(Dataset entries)

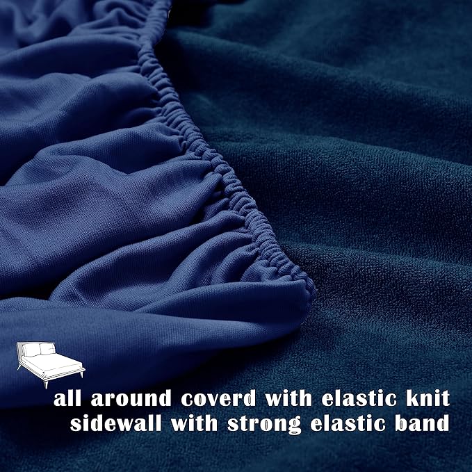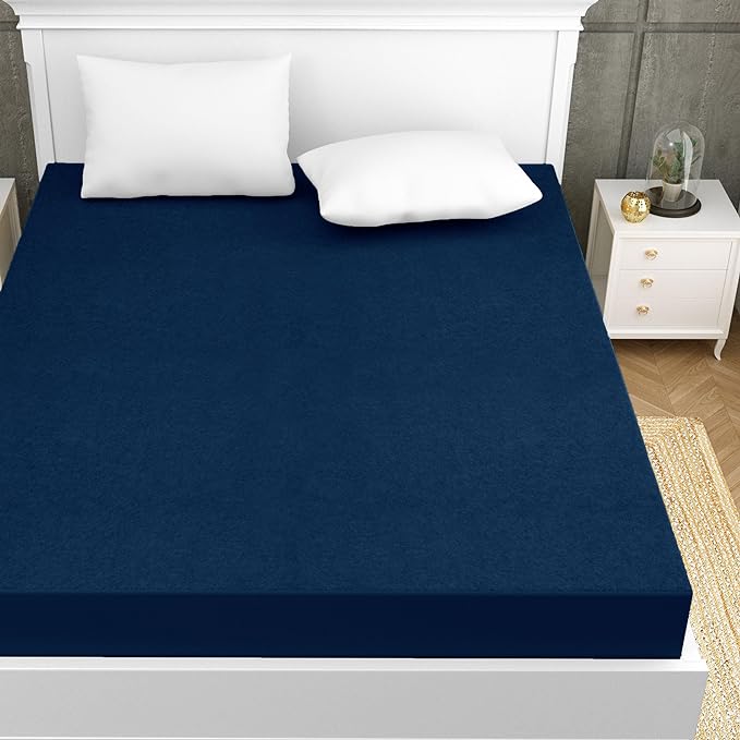 Terry Cotton Ultra Soft Waterproof Mattress Protector | Navy Blue Color | for Kids Adults | Washable Hypoallergenic Mattresses Cover Fit Up To 6-12 inch Deep Pocket Queen & King Size
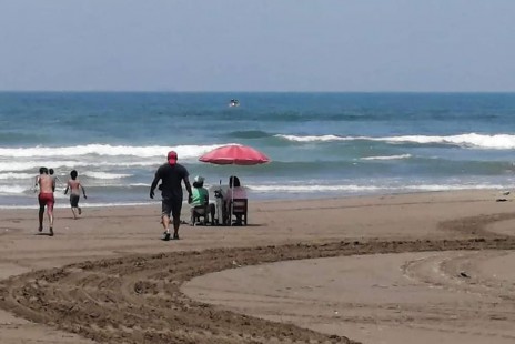 Captan a mujer con tanque de oxígeno en playa de Coatzacoalcos
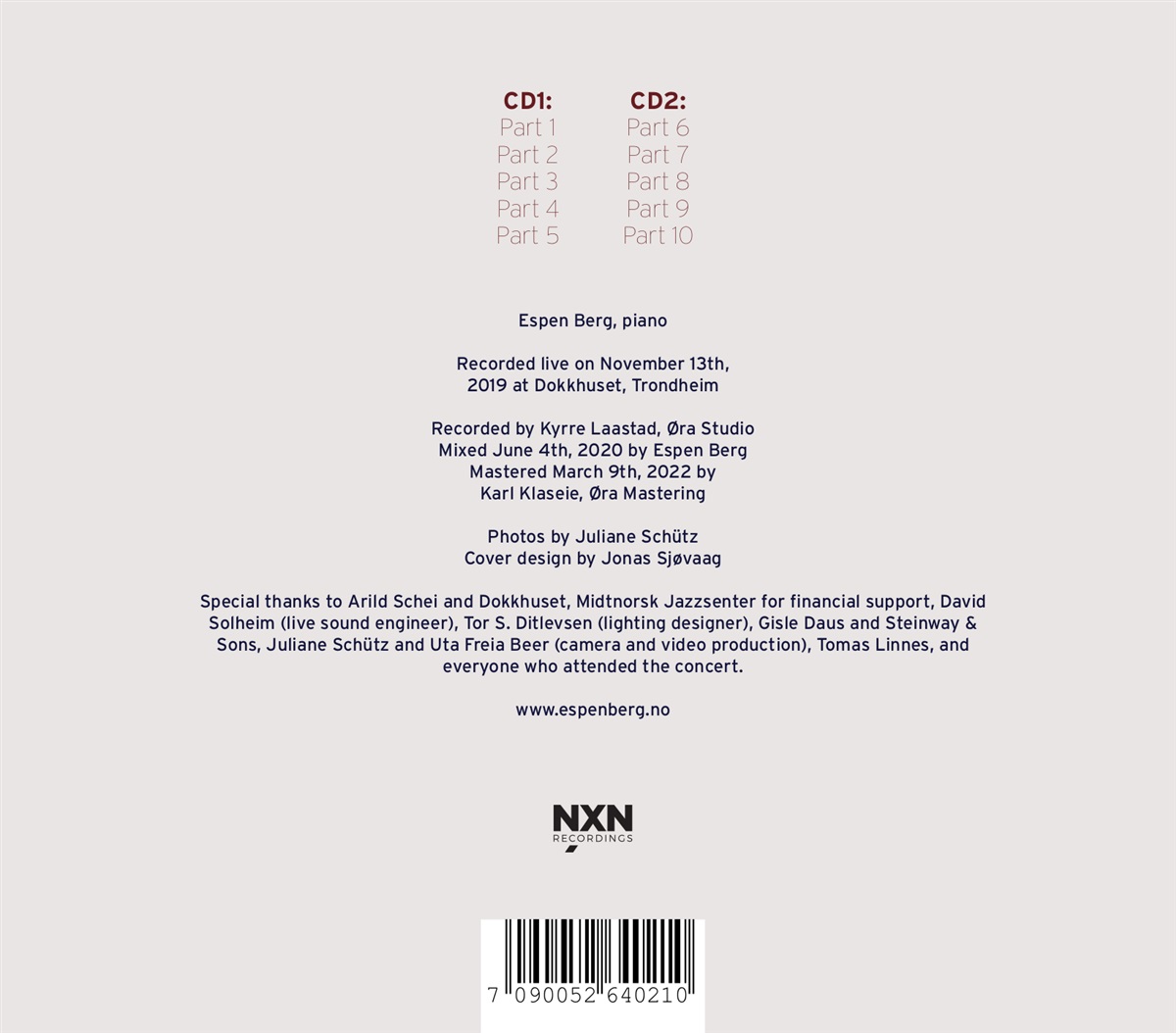Mit „The Trondheim Concert“ kehrt Espen Berg zurück ins Rampenlicht – mit einem vollständig improvisierten Live-Konzert. Die Parallele zu Keith Jarretts berühmten „Köln Concert“ und dem Konzept unmittelbar entstandener Musik ist da nicht weit. Dabei ist das Konzert gleichzeitig Höhepunkt jahrelanger musikalischer Entwicklungen, Erfahrungen und Überlegungen. Musik, die im Moment entsteht, und die Emotionen und Ideen ungefiltert widerspiegelt: einzigartig, nicht wiederholbar, eine endlose und gleichsam flüchtige Ressource, sowohl musikalisch und spirituell.
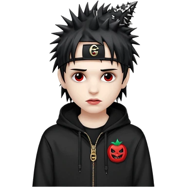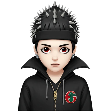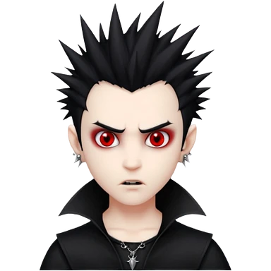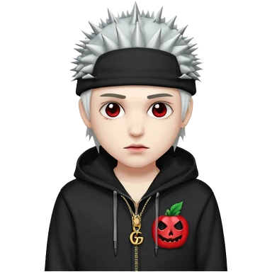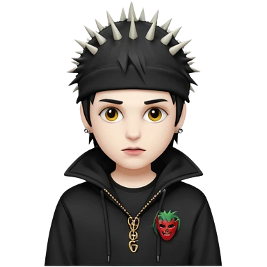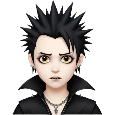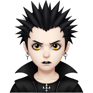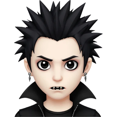 zombie boy with spiky emo black hair and white shirt , tattos, a risk on the eyebrow, earings, a necklace emoji emoji
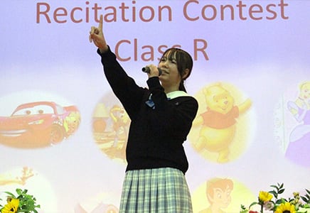 6月には、英語を学びはじめて間もない中1が、一定量の英文を覚えて人前で発表するレシテーションコンテストを開催
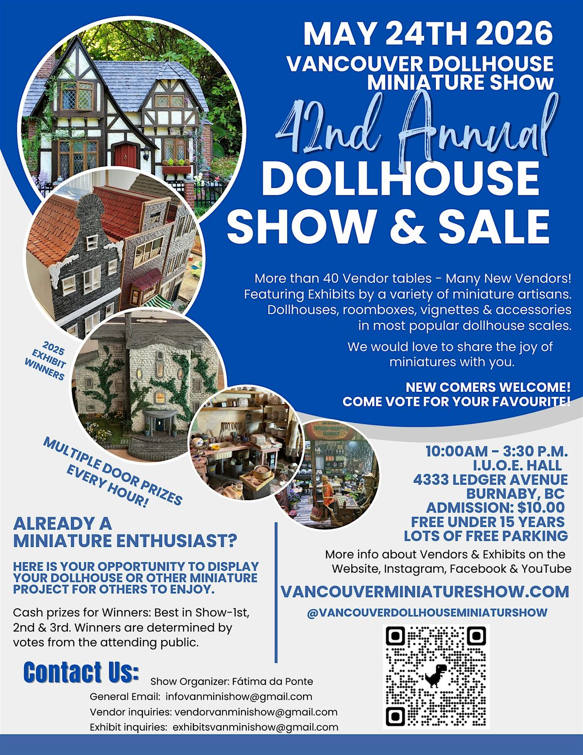 The 42nd annual Vancouver Dollhouse Miniature Show & Sale isSunday, May 24, 2026, from 10 am to 3:30 pm at the I.U.O.E. Hall in Burnaby. Tickets are $10 at the door - under 15 FREE:
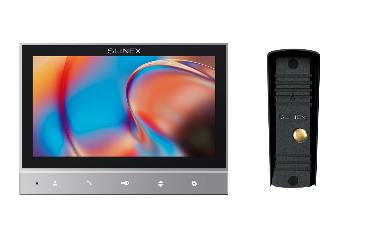 Комплект вызывной панели с монитором. Монитор SK‑07: Цветной настенный видеомонитор с 7″ TFT LCD экраном формата 16:9, разрешение 1024х600. Сенсорные кнопки. Формат - CVBS (PAL или NTSC). Поддержка 1-й вызывной панели. Питание: ~100-240 В или +13,5 В, 6 Вт, 176х129х23 мм. Цвет: серебро+черный.
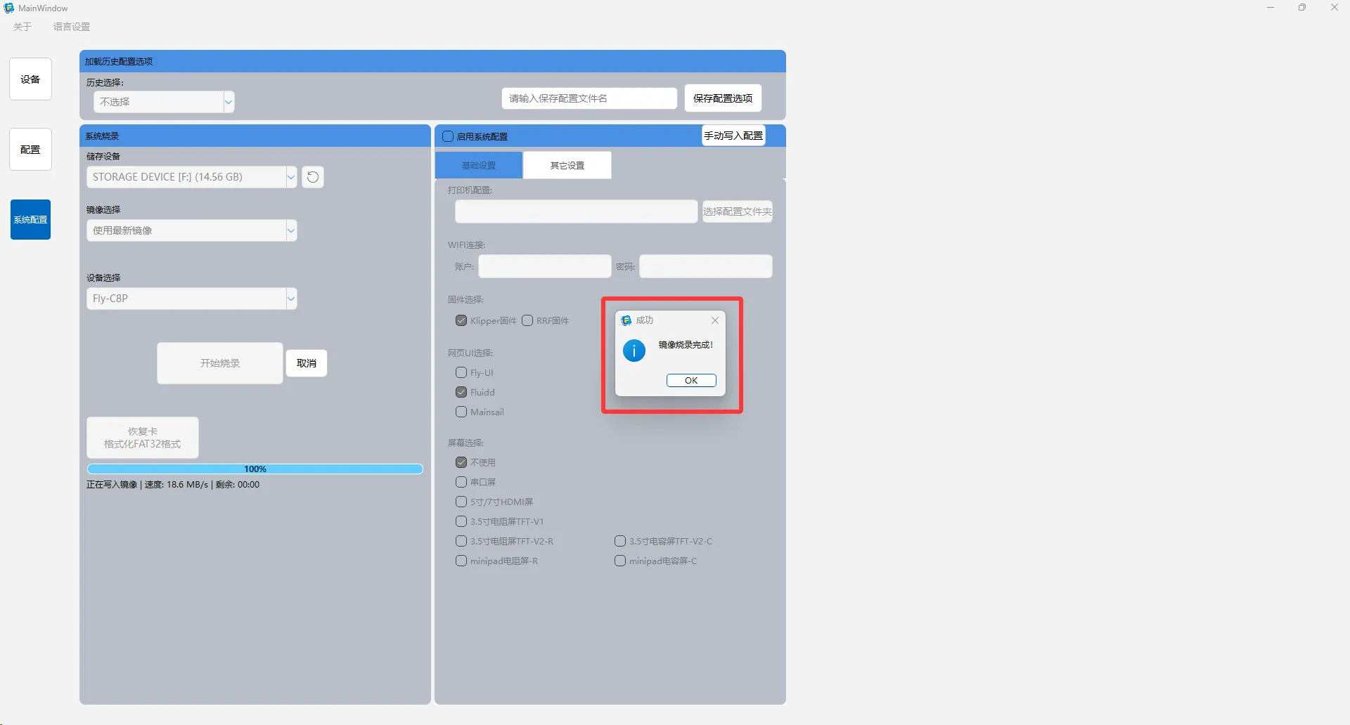 等待烧录进度完成,当界面显示"完成"提示时,表示系统镜像已成功写入。

**What you have to do:** Give back the records above exactly, with no pictures.

**Reply:**
 Terry Cotton Ultra Soft Waterproof Mattress Protector | Navy Blue Color | for Kids Adults | Washable Hypoallergenic Mattresses Cover Fit Up To 6-12 inch Deep Pocket Queen & King Size
 Captan a mujer con tanque de oxígeno en playa de Coatzacoalcos
Mit „The Trondheim Concert“ kehrt Espen Berg zurück ins Rampenlicht – mit einem vollständig improvisierten Live-Konzert. Die Parallele zu Keith Jarretts berühmten „Köln Concert“ und dem Konzept unmittelbar entstandener Musik ist da nicht weit. Dabei ist das Konzert gleichzeitig Höhepunkt jahrelanger musikalischer Entwicklungen, Erfahrungen und Überlegungen. Musik, die im Moment entsteht, und die Emotionen und Ideen ungefiltert widerspiegelt: einzigartig, nicht wiederholbar, eine endlose und gleichsam flüchtige Ressource, sowohl musikalisch und spirituell.
 zombie boy with spiky emo black hair and white shirt , tattos, a risk on the eyebrow, earings, a necklace emoji emoji
 6月には、英語を学びはじめて間もない中1が、一定量の英文を覚えて人前で発表するレシテーションコンテストを開催
 The 42nd annual Vancouver Dollhouse Miniature Show & Sale isSunday, May 24, 2026, from 10 am to 3:30 pm at the I.U.O.E. Hall in Burnaby. Tickets are $10 at the door - under 15 FREE:
 Комплект вызывной панели с монитором. Монитор SK‑07: Цветной настенный видеомонитор с 7″ TFT LCD экраном формата 16:9, разрешение 1024х600. Сенсорные кнопки. Формат - CVBS (PAL или NTSC). Поддержка 1-й вызывной панели. Питание: ~100-240 В или +13,5 В, 6 Вт, 176х129х23 мм. Цвет: серебро+черный.
 等待烧录进度完成,当界面显示"完成"提示时,表示系统镜像已成功写入。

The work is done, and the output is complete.